Problem: An exact copy of the listing is required, with its pictures removed.

Information supplied:
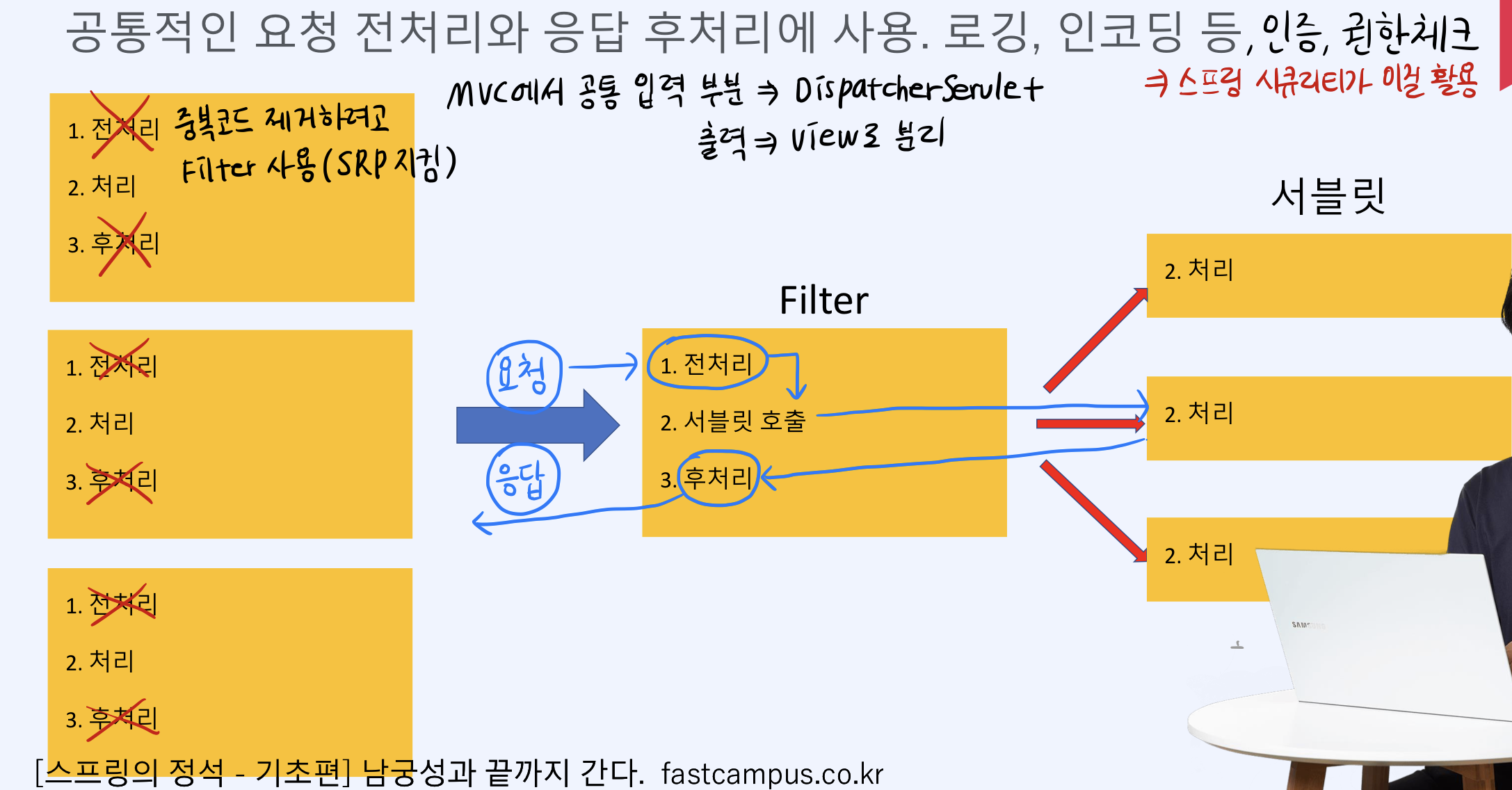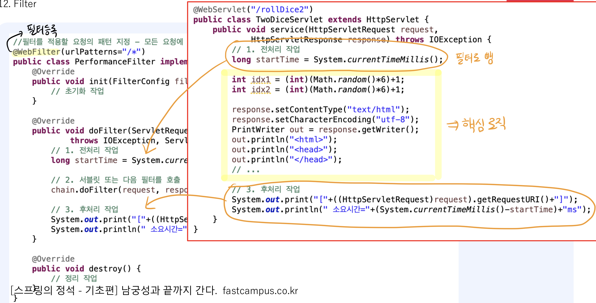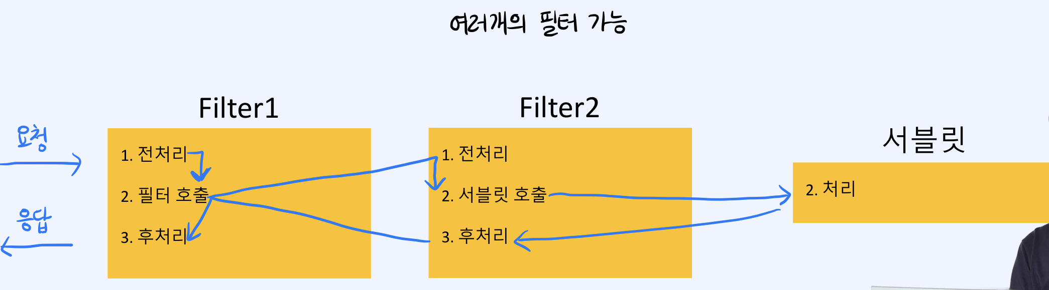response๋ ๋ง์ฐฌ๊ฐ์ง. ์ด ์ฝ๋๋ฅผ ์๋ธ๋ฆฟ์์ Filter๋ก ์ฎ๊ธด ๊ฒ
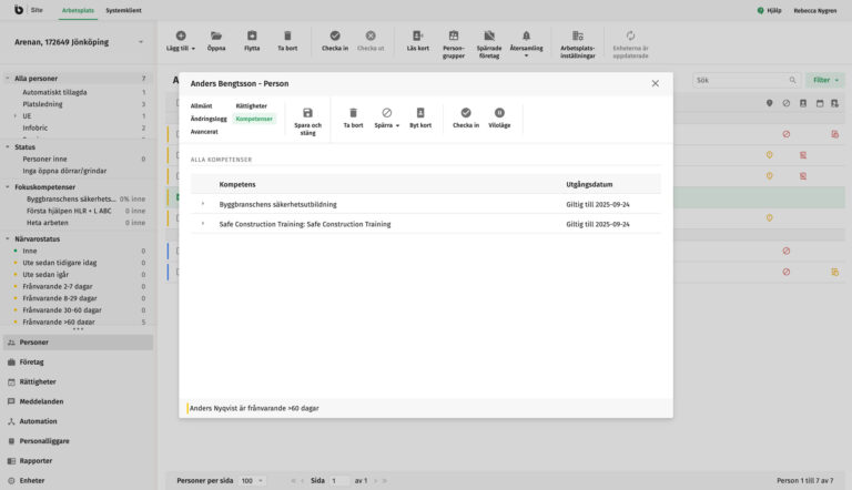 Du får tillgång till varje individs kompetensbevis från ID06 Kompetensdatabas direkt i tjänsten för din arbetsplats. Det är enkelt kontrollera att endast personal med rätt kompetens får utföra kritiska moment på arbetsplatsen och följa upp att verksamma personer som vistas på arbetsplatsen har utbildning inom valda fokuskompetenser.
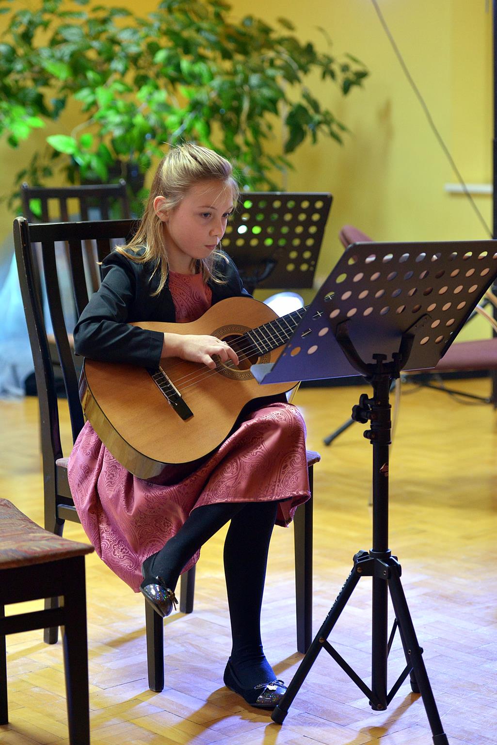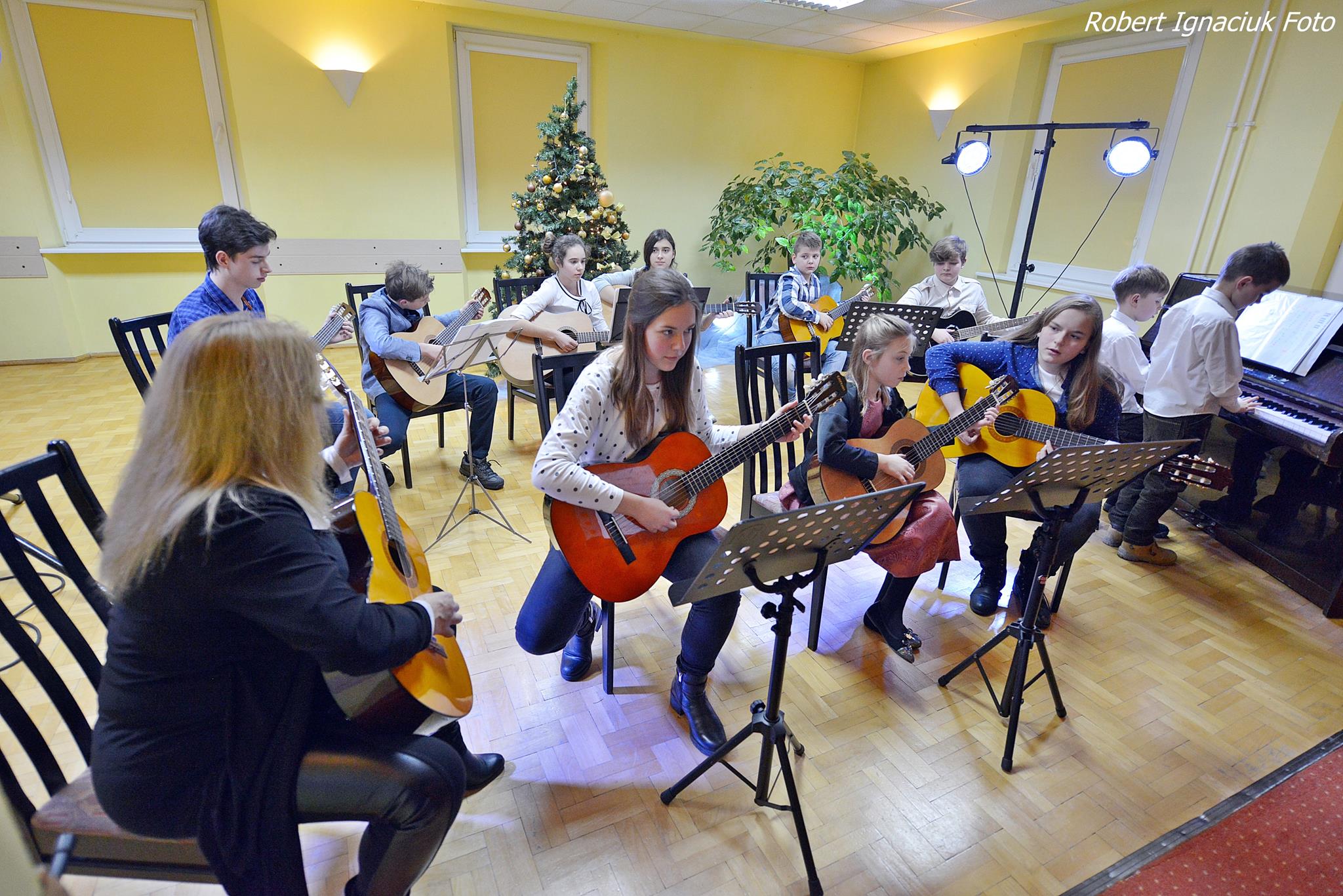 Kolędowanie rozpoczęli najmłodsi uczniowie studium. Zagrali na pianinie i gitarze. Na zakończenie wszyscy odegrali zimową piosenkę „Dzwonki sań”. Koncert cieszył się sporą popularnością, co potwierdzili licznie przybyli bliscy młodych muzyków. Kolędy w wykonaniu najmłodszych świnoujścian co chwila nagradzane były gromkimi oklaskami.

Your response:
response๋ ๋ง์ฐฌ๊ฐ์ง. ์ด ์ฝ๋๋ฅผ ์๋ธ๋ฆฟ์์ Filter๋ก ์ฎ๊ธด ๊ฒ
 Du får tillgång till varje individs kompetensbevis från ID06 Kompetensdatabas direkt i tjänsten för din arbetsplats. Det är enkelt kontrollera att endast personal med rätt kompetens får utföra kritiska moment på arbetsplatsen och följa upp att verksamma personer som vistas på arbetsplatsen har utbildning inom valda fokuskompetenser.
 Kolędowanie rozpoczęli najmłodsi uczniowie studium. Zagrali na pianinie i gitarze. Na zakończenie wszyscy odegrali zimową piosenkę „Dzwonki sań”. Koncert cieszył się sporą popularnością, co potwierdzili licznie przybyli bliscy młodych muzyków. Kolędy w wykonaniu najmłodszych świnoujścian co chwila nagradzane były gromkimi oklaskami.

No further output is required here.